A dockworkers’ strike that began on October 1, 2024, across East and Gulf Coast ports threatens to disrupt supply chains nationwide. The strike, led by the International Longshoremen’s Association (ILA), stems from disagreements over wages and the automation of dockwork machinery. With construction and manufacturing sectors poised to face significant delays, the insurance industry is bracing for potential ripple effects.

Supply Chain Disruptions and Coverage Implications

The strike affects major ports from Texas to Maine, which are critical entry points for construction materials, heavy machinery, food, and chemicals. This could lead to material shortages, price hikes, and delivery delays—factors that could trigger claims under business interruption and contingent business interruption (CBI) policies. For industries reliant on just-in-time inventory, these delays could disrupt operations, leading to losses that businesses may seek to recover through their insurance policies.
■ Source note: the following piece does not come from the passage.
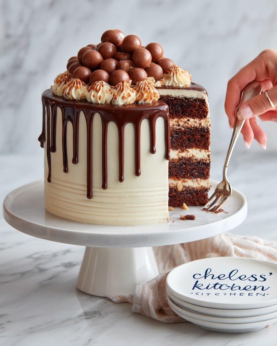 Buckeye Cake is a rich and decadent chocolate cake layered with creamy peanut butter buttercream and topped with a silky chocolate ganache drip. This dessert perfectly balances chocolate and peanut butter flavors, making it a showstopper for any occasion.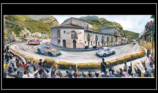 Affiche Porsche Targa Florio Reproduction d'une aquarelle originale de Uli Ehret Sur toile avec cadre en bois noir, protection UV, poussière et humidité Edition exclusive - Format 50 x 150 cm 379,95 € TTC / Incl. Taxes

As ships back up and distribution to warehouses slows, contractors are already predicting that delays could extend into 2025 if the strike persists for more than a week. This timeline could worsen if insurers are inundated with claims from affected industries.

Rising Costs and Inflationary Pressures

Bill Flemming, senior VP at Cumming Group, and Ken Simonson, chief economist for the Associated General Contractors of America, warn that prolonged strikes could exacerbate shortages in structural steel and equipment, driving up costs. This potential inflation in construction and manufacturing sectors may translate to increased premiums for insured businesses, as insurers reassess the risks associated with supply chain volatility.

In addition, price hikes for materials could lead to higher payouts for insurers covering projects that are already underway, as the cost of replacing or sourcing delayed materials escalates.

Contingent Business Interruption: A Crucial Safety Net

CBI coverage could become a key factor in mitigating losses for affected companies. CBI protects businesses from losses resulting from disruptions in their supply chain, particularly when suppliers are unable to deliver due to unforeseen events. For companies that depend on materials moving through the impacted ports, this coverage could help cover lost profits or extra expenses incurred due to delays.

However, insurers will need to closely examine the scope of CBI policies to determine how well they apply in this situation. Since the strike stems from a labor dispute, some policies may exclude coverage if labor actions are not explicitly covered under the insured’s CBI plan. Businesses and their insurance agents should review the fine print of policies to understand potential gaps.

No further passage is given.